Russia’s labour market further extended its gains in May, as unemployment declined to 5.1% in line with Bloomberg consensus projections, and the real wages gain was revised up to a whopping 7.8% year on year in April, partly due to low base effects, according to RosStat latest data.
The labour market strength is set to translate into firm consumer demand, as retail sales turnover for May also jumped by a strong 27.7% y/y on low base effects, but still in the black in seasonally adjusted terms.
Consumption-driven sectors in particular have quickly closed the corona pit this year and household demand was exceptionally strong in April.
Retail trade was already clearly higher than before the crisis. Other service sectors have also recovered briskly, but their production was still 6% lower in April than in 2019. The production of services contracted the most sharply last spring, as interest rate restrictions hit many service sectors in particular, but the Russian services PMI bounced back strongly in May and Russia's base sectors showed more signs of strong economic recovery in April 2021, according to the latest data from RosStat.
Overall unemployment in Russia is now holding at 5.1%, but by the end of 2021 it will drop to 4.6-4.7%, which is the pre-crisis level of 2019, Labour and Social Protection Minister Anton Kotyakov said in an interview with TASS at the St. Petersburg International Economic Forum (SPIEF).
"Now we have 5.2% [in April], if we enter 4.6-4.7%, as it was in 2019, this is a good indicator, provided that inside 4.6-4.7% [there is] a minimum number of people, who have been out of job for a long time. We set the end of 2021 as the target date for ourselves," he said.
Unemployment is being driven down by the economic recovery but that has still not progressed far enough to entice migrant labour from the other Commonwealth of Independent States (CIS) countries back to Russia, many of whom decided to stay home last year because jobs dried up and also because the ruble’s devaluation made working in Russia less profitable.
The Ministry of Agriculture and Russia Railways (RZD) are reportedly planning to charter trains to bring migrant labourers back to meet the seasonal labour needs for the agricultural sector.
Russian President Vladimir Putin has already ordered a moratorium on the expulsion of labour migrants in Russia without a legal basis for staying until September 30, giving them more time to apply and sort out their legal status.

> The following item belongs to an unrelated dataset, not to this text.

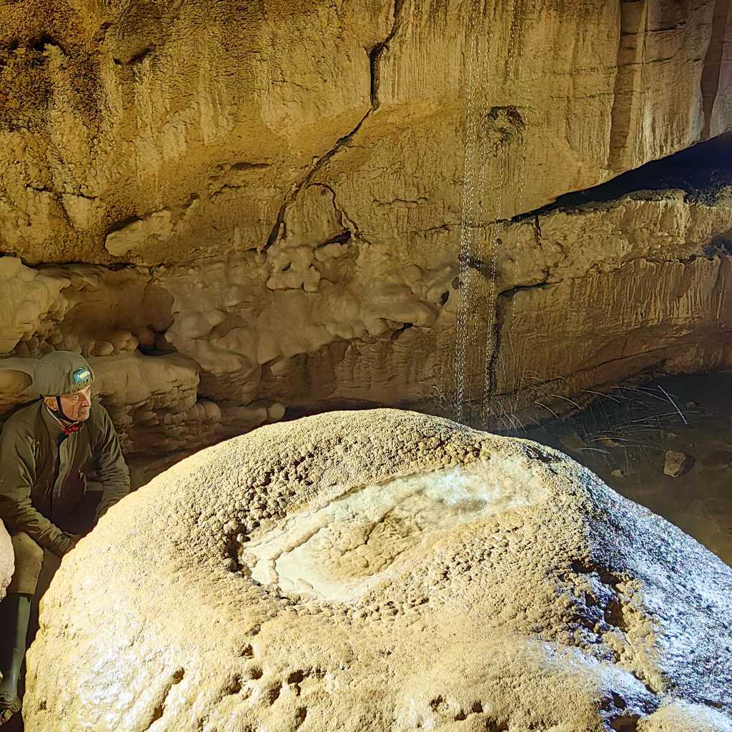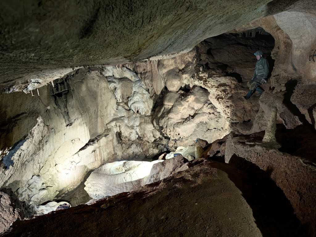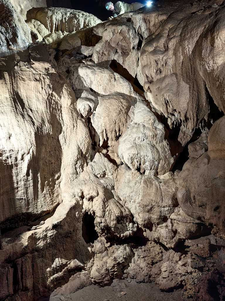 54801. Первоначально экскурсия была направлена на тестирование использования двух двухметровых орешниковых прутьев, соединенных в один с помощью полуметровой алюминиевой трубки. Такой длинный прут имел бы светодиодный прожектор наверху и удерживался бы вертикально на земле пирамидой из камней. Он освещал бы очень высокие сталагмиты, которые встречаются, например, в Липишской Яме. Однако не все компоненты были готовы, и автор также еще не полностью вылечил небольшую травму от предыдущей экскурсии, поэтому посещение Найденой Ямы пришлось провести, так сказать, осторожно. Автора давно соблазнял тоннель Ичо, который не особенно богат фотографическими мотивами, но к концу, как раз перед соединением с Пипарьским тоннелем, он становится очень красочным и полным ярких форм. Спелеологи, включая автора, всегда спешат через него по пути к какой-то другой точки в пещере, и на этот раз туннель, наконец, мог бы получить должное внимание. Но когда автор остановился на этом балконе над западной стороной тоннеля Шерко и у Груди Марии Терезы внизу, уже было ясно, что более подходящим названием для экскурсии будет «От тоннеля Шерко до Фонтана Михлера».

The agricultural sector is currently forced to bring in labour by using flights, which significantly increases the cost of said labour. Regional governments have been lobbying the ministry to help on this front because those costs are filtering into food production, inevitably nudging prices higher, which is already a problem.
The estimated labour shortage in Moscow alone is 300,000. In Tatarstan, regional authorities estimate the decline in the number of available labour migrants is around 33% and even doubling salaries for jobs in construction, for instance, still isn’t enough to ease the labour shortfalls.
One of the other trends over the last year has been the shift in Central Asian migrant labourers’ preference to go to Kazakhstan, where earnings may be lower, but they face fewer problems and risks.